A lot of the process required for creating an instance-store backed AMI
involves commands being run on the actual source instance. Specifically, the
`ec2-bundle-vol` and `ec2-upload-bundle` commands must be used to bundle
the root filesystem and upload it, respectively.

Each of these commands have a lot of available flags. Instead of exposing each
possible flag as a template configuration option, the instance-store AMI
builder for Packer lets you customize the entire command used to bundle
and upload the AMI.

These are configured with `bundle_vol_command` and `bundle_upload_command`.
Both of these configurations are
[configuration templates](/docs/templates/configuration-templates.html)
and have support for their own set of template variables.

### Bundle Volume Command

The default value for `bundle_vol_command` is shown below. It is split
across multiple lines for convenience of reading. The bundle volume command
is responsible for executing `ec2-bundle-vol` in order to store and image
of the root filesystem to use to create the AMI.

```text
sudo -i -n ec2-bundle-vol \
	-k {{.KeyPath}}  \
	-u {{.AccountId}} \
	-c {{.CertPath}} \
	-r {{.Architecture}} \
	-e {{.PrivatePath}}/* \
	-d {{.Destination}} \
	-p {{.Prefix}} \
	--batch \
	--no-filter
```

The available template variables should be self-explanatory based on the
parameters they're used to satisfy the `ec2-bundle-vol` command.

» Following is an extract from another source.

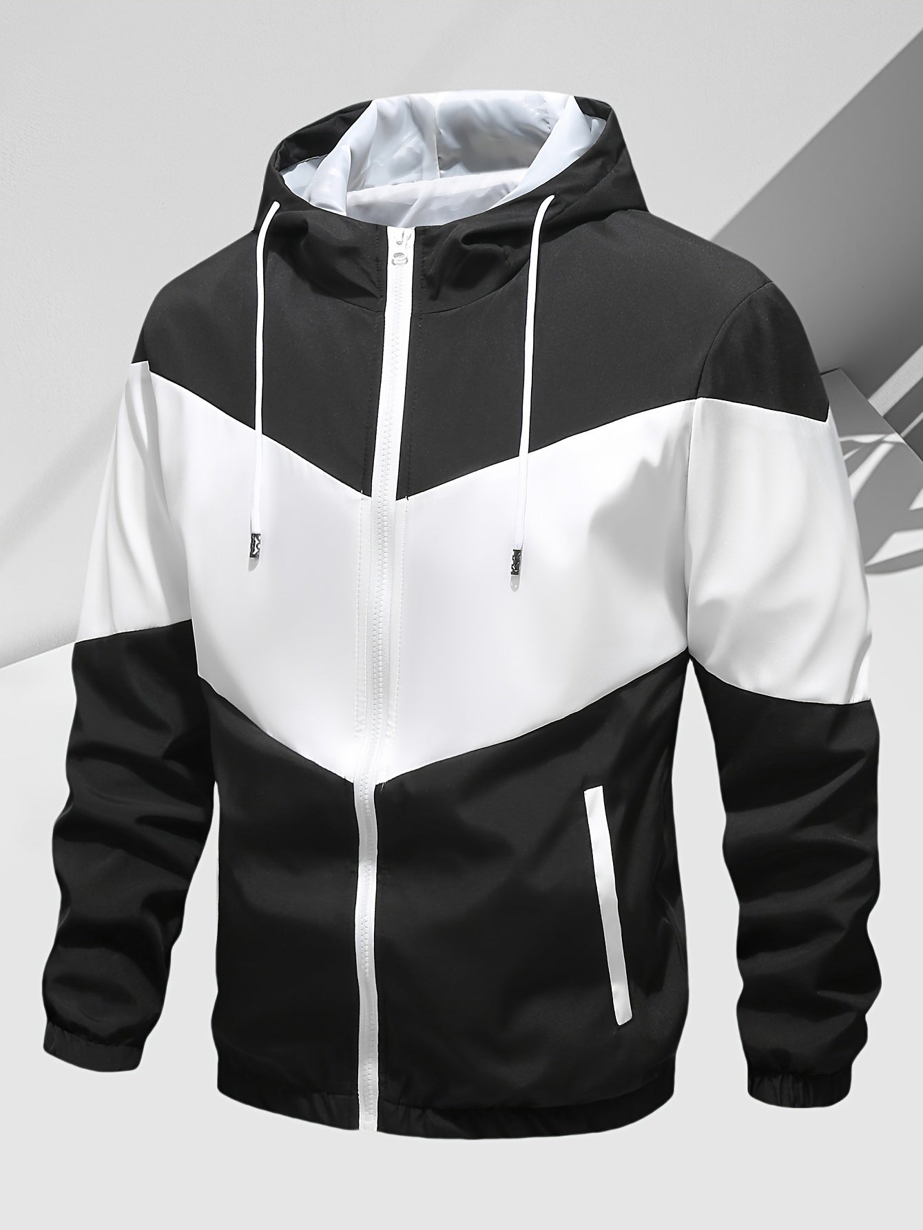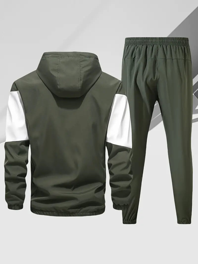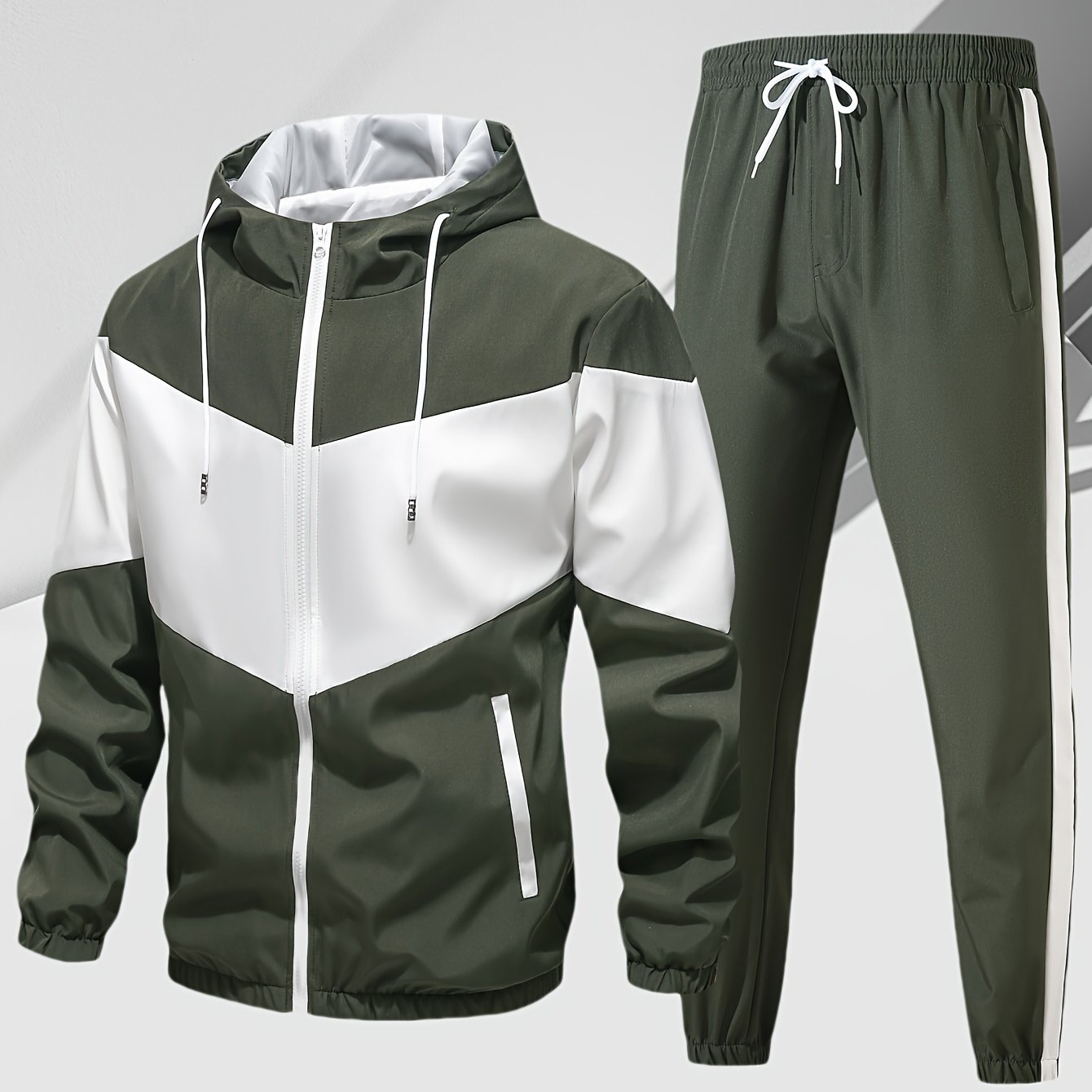 Мужской повседневный двухпредметный комплект из тканого материала, цветной блок, с капюшоном на молнии и штанами на шнурке

~> **Warning!** Some versions of ec2-bundle-vol silently ignore all .pem and
.gpg files during the bundling of the AMI, which can cause problems on some
systems, such as Ubuntu. You may want to customize the bundle volume command
to include those files (see the `--no-filter` option of ec2-bundle-vol).

### Bundle Upload Command

The default value for `bundle_upload_command` is shown below. It is split
across multiple lines for convenience of reading. The bundle upload command
is responsible for taking the bundled volume and uploading it to S3.

```text
sudo -i -n ec2-upload-bundle \
	-b {{.BucketName}} \
	-m {{.ManifestPath}} \
	-a {{.AccessKey}} \
	-s {{.SecretKey}} \
	-d {{.BundleDirectory}} \
	--batch \
	--region {{.Region}} \
	--retry
```

The available template variables should be self-explanatory based on the
parameters they're used to satisfy the `ec2-upload-bundle` command.